Answer the following using the output provided above for this example.

- For which quantitative variable are the differences between smoking status groups most extreme? Describe the pattern you see including the groups means in your discussion.
- For which quantitative variable are the differences between smoking status groups least extreme? Describe the pattern you see including the groups means in your discussion.

**Solution: **Unit1-TwoVariables-CaseCQ-Solution.pdf

## Categorical Outcome with Categorical Predictor

**Review from 6052 SAS Tutorials:**Topic 6A – (3:07) Two-Way (Contingency) Tables – EDA

When we have a categorical outcome and a categorical predictor we use:

- A contingency table or two-way table
- Row and/or column percentages (conditional percentages)
- ** To compare the distribution of the outcome among the levels of the predictor variables.

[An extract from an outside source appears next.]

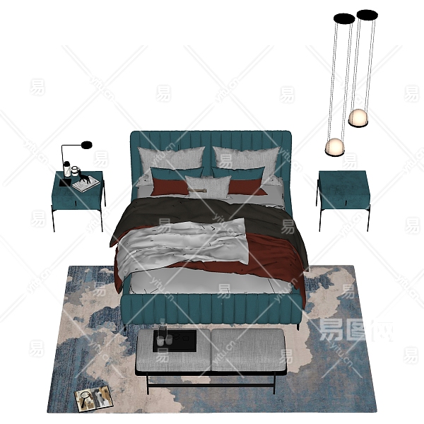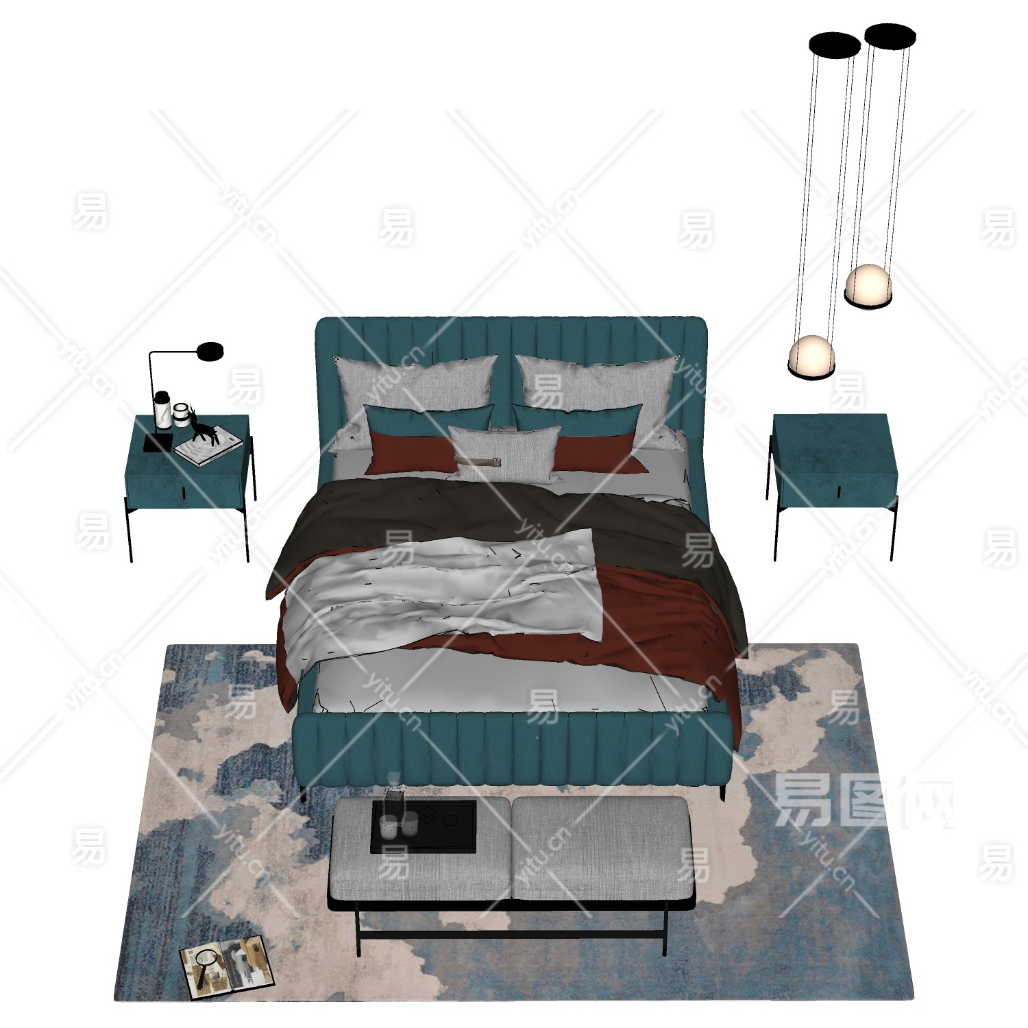 当前的位置:首页 > sketchup > sketchup模型 > 床具 > 双人床 > 简欧卧室双人床组合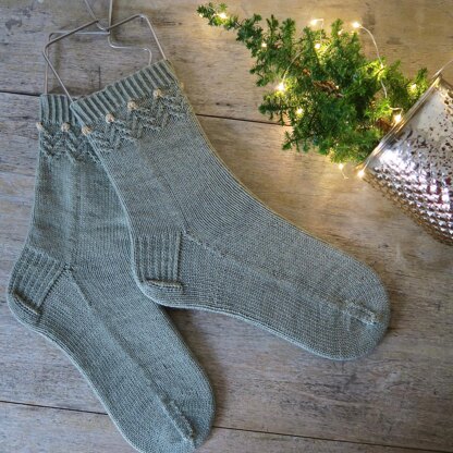 The Twinkling Trees socks begin at the cuff with a neat and tidy twisted rib and then come the twinkles. Contrasting bobbles top a row of simple cable trees around the leg. We then move into simple stocking stitch and a slip stitch heel. This top down sock is finished with a rounded wedge toe - the perfect finish for these elegant socks.

- Chi-square Test, Fisher’s Exact Test

## EXAMPLE: NHANES DATA – Case CC

**Dataset:**nh_2000a.sas7bdat – To use the dataset, save the file into the folder on your computer which is associated with a SAS library. Once you do this, open SAS and you should be able to immediately access the file using that library and the file name.**SAS Code and Output:**Unit1-TwoVariables-CaseCC.pdf

## LEARN BY DOING

Review the output provided above for this example and provide a discussion of any obvious associations you see in these tables.

**Solution: **Unit1-TwoVariables-CaseCC-Solutions.pdf

## Categorical Outcome with Continuous Predictor

When we have a categorical outcome and a continuous predictor:

- Break continuous predictor into categories and make contingency table (Chi-square Test, Fisher’s Exact)
- Avoid too few observations in some categories
- In some cases cutoff points can be determined on non-statistical basis; In other situations, they can be chosen based on percentiles of predictor

- Or turn the situation around and use Side-by-side boxplot with ANOVA or T-test as in Case CQ.
- We will learn Logistic Regression for binary categorical outcomes later in this course.

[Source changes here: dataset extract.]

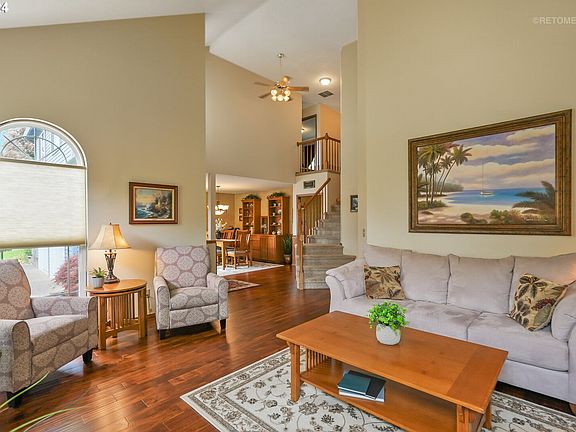 This beautiful home is located in a quiet cul-de-sac and features high ceilings, a cozy fireplace, and a formal dining room perfect for entertaining. Enjoy engineered hardwood floors and a kitchen that boasts a large pantry and many updates. Storage is abundant throughout the house. All bedrooms are upstairs, including an extra-large bedroom that can also function as a large bonus room. The laundry room includes a utility sink and opens to an oversized two-car attached garage with a workbench and built-in storage cabinets. Outside is a separate tool shed perfect for DIYers. A triple-wide driveway further boosts the property's attractiveness. The 7,300 sqft lot features a backyard oasis and beautiful landscaping, mature trees, well-manicured lawn, and patio covered with an electric awning - ideal for outdoor dining and relaxation. This fantastic home has been well maintained by the original owners and truly has it all - style, function, and tranquil living.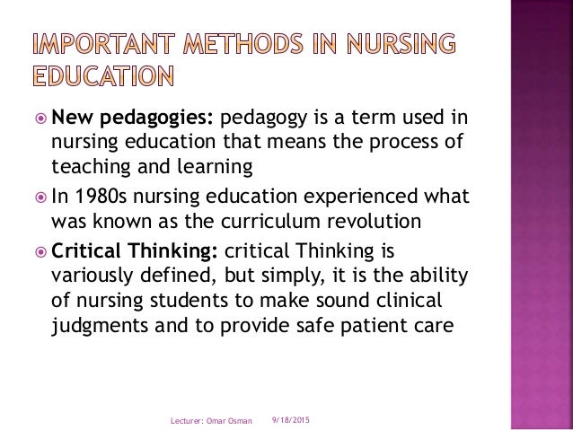 This chapter provides a descriptive account of nursing education including . how its past has shaped its present and how current times are influencing and delineating its future. Analyze curriculum and instruction in relation to learning nursing ... Retrieve Full Source

## EXAMPLE: NHANES DATA – Case QC

**Dataset:**nh_2000a.sas7bdat – To use the dataset, save the file into the folder on your computer which is associated with a SAS library. Once you do this, open SAS and you should be able to immediately access the file using that library and the file name.**SAS Code and Output:**Unit1-TwoVariables-CaseQC.pdf

## LEARN BY DOING

Review the output provided above for this example and complete the following:

- The contingency table shows us that, as age increases, the chance of having high blood pressure tends to ____ and gives us _____ of this probability for each age group.
- The boxplot shows us that Individuals with high blood pressure tend to be ___.

**Solution: **Unit1-TwoVariables-CaseQC-Solution.pdf

## Summary

In this section we reviewed exploratory data analysis methods for two variables. Be certain you can correctly classify types of variables and choose the correct methods based upon the types of variables you have.